While working as a teacher at the Washington State University, he married Carolyn, and they had three children including politician Jamila Taylor.
Taylor taught in several universities including, Washington State University, California Polytechnic State University, the University of Oregon, and the University of Washington until becoming Professor Emeritus in June 2018. He was also responsible for various research works in these universities.
Apart from his research articles, he published several and articles, including The Forging of a Black Community: A History of Seattle's Central District, The Forging of a Black Community: Seattle's Central District from 1870 through the Civil Rights Era, In Search of the Racial Frontier: African Americans in the American West 1528–1990.
In the 1960s, there were changes in West Tennessee initiated by the civil rights movement which attracted him to study history. He started his B.A. education, at the age of 16, at St. Augustine's College in Raleigh, North Carolina in American history and graduated in 1969.
After finishing college, he started his M.A. degree at the University of Minnesota where he began to research the topics for a new curriculum of African American history study. Allan Spear was one of the professors who introduced an African American history course called African Peoples at the University of Minnesota. Spear was first elected to the Minnesota Senate in 1972, representing a liberal Minneapolis district centered on the University of Minnesota. Taylor graduated in 1971.

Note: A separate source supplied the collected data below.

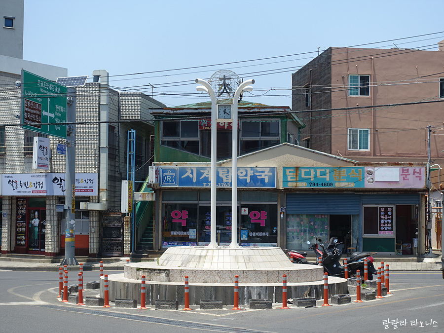 추사유배지에서 255번 버스를 탑니다. 방어축제의거리 정류장에서 내려야 하는데, 지도를 잘못 봐서 한 정거장 먼저 내렸습니다. 뜻하지 않게 10분 정도 더 걷습니다. 걸으면서 거리 구경을 합니다. 이런 게 여행의 잔재미 아니겠습니까? 대정읍 중심인 시계탑까지 왔습니다. 시계탑 부근에 모슬포 중앙시장이 있습니다.
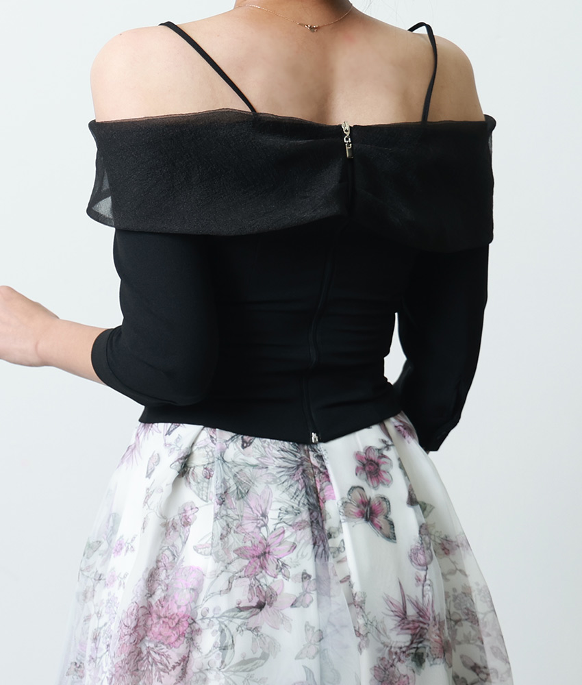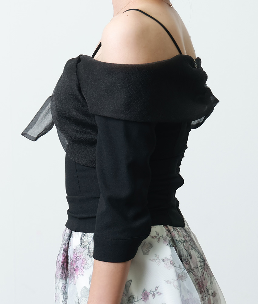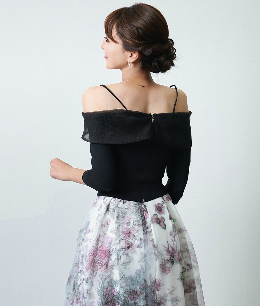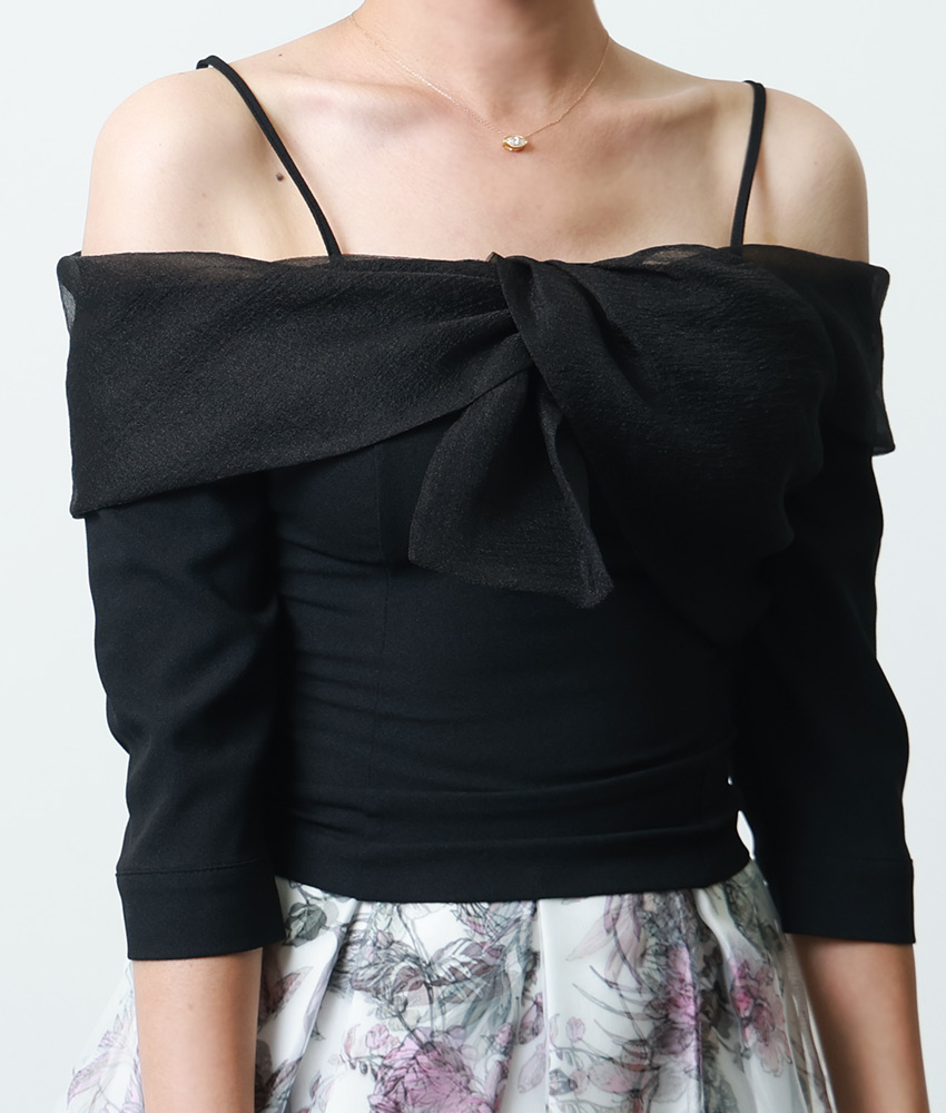 [韓国製][rinfarre]オフショルダー・肩紐・ホワイト・ブラック・ワンポイント・リボンモチーフ・上品・ブラウス・シンプル[薗田杏奈着用][送料無料] [cd-k06197et]
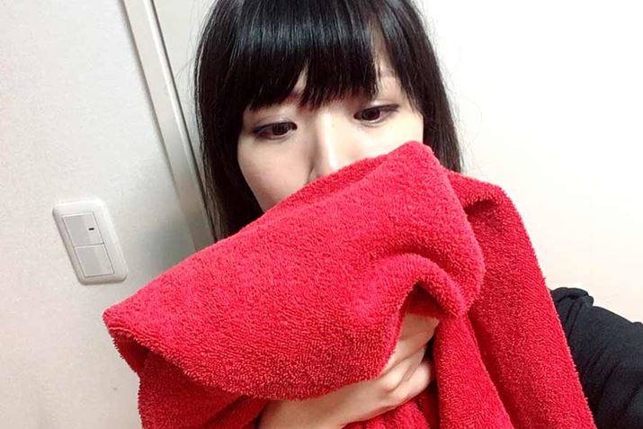ふわふわ度を顔などにすり付けてチェック! そうですねー、特に変わりはなく、いつもどおり「柔軟剤なしで洗った」感じ! でした。特にふわふわした、という感じはありません。

In 1975, after teaching for four years at Washington State University, he started his Ph.D. program at the University of Minnesota. He finished his graduation in 1977 in History.
After completion of his doctorate in 1977, he started to look for a job to settle in with his family. He became a professor of history at California Polytechnic State University in 1977 where he taught until 1990.
In 1987, he was a professor of history for one year at the University of Lagos, Akoka, Nigeria until 1988. In 1990, he became a professor of history at University of Oregon where he taught for nine years until 1999.
Finally, in 1999, he became a professor of American History at the University of Washington, as the Scott & Dorothy Bullitt Professor of American History for 18 years, until June 2018 when he became Professor Emeritus.
His awards include a Washington State Jefferson Award (2015) and Robert Gray Medal and lifetime achievement award from the Washington State Historical Society.